> EXERCISE: Go through the records and give each one again exactly, omitting the images.
[DATASET EXCERPTS Boundary: Start]
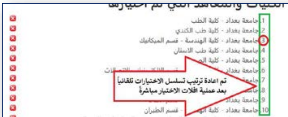
الشكل رقم (١١) إعادة ترتيب الإختيارات تلقائياً
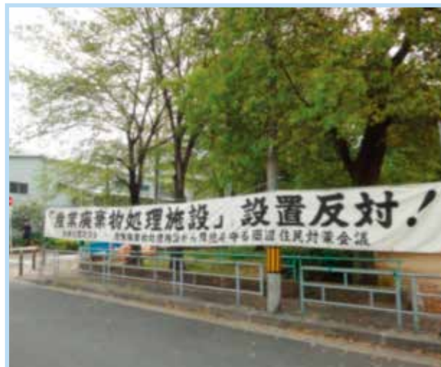
建設予定地前の多幸公園に反対の横断幕

そこで、豊新の皆様の声を大阪市に届けるために、大阪市と豊新の話し合いの場が必要と考え、平成21年11月20日に、豊新社会福祉協議会から大阪市長への要望書「産業廃棄物中継処理（積替え保管）施設設置阻止について」を提出いただくため、大阪市副市長と環境局長（共に当時）に立ち会っていただく場を準備・同席をさせていただきました。そこで、要望書を提出していただくと共に地元の声を大阪市のしっかりと伝えることができました。
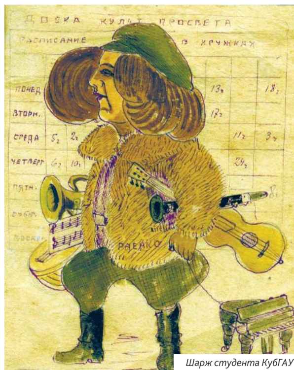
Шарж студента КубГАУ
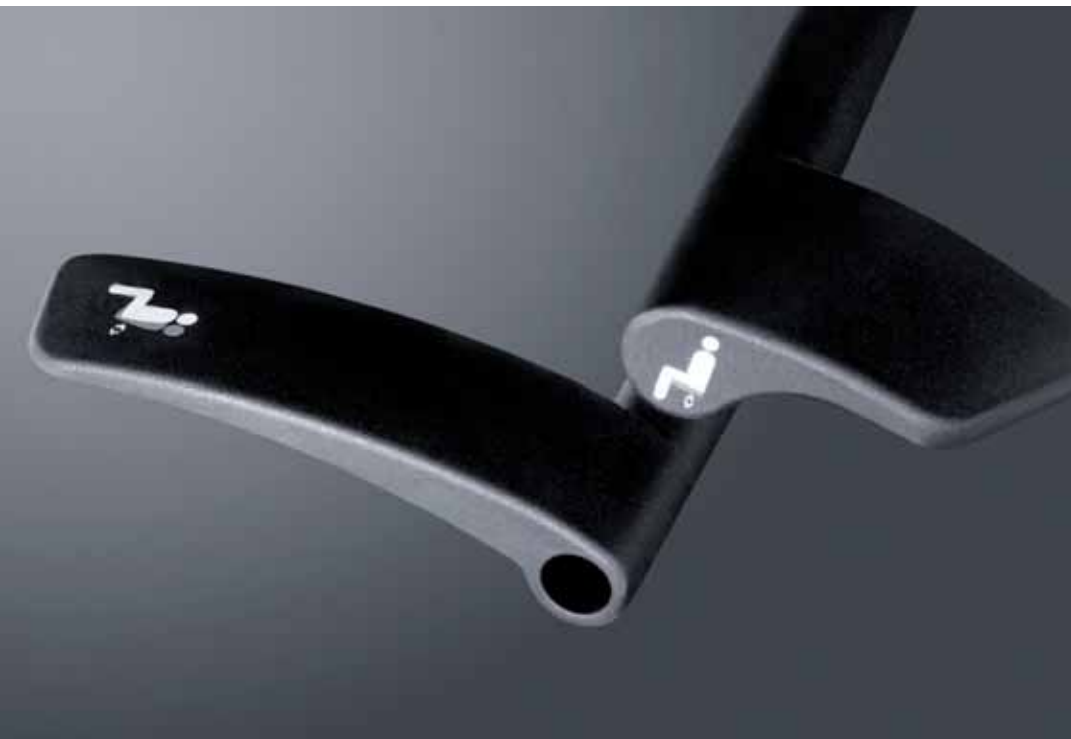
Intuitive Bedienhebel zur Einstellung auf das Körpergewicht, breites Spektrum von 45 Kg –130 Kg
[DATASET EXCERPTS Boundary: End]
> TASK SOLUTION:
الشكل رقم (١١) إعادة ترتيب الإختيارات تلقائياً
建設予定地前の多幸公園に反対の横断幕

そこで、豊新の皆様の声を大阪市に届けるために、大阪市と豊新の話し合いの場が必要と考え、平成21年11月20日に、豊新社会福祉協議会から大阪市長への要望書「産業廃棄物中継処理（積替え保管）施設設置阻止について」を提出いただくため、大阪市副市長と環境局長（共に当時）に立ち会っていただく場を準備・同席をさせていただきました。そこで、要望書を提出していただくと共に地元の声を大阪市のしっかりと伝えることができました。
Шарж студента КубГАУ
Intuitive Bedienhebel zur Einstellung auf das Körpergewicht, breites Spektrum von 45 Kg –130 Kg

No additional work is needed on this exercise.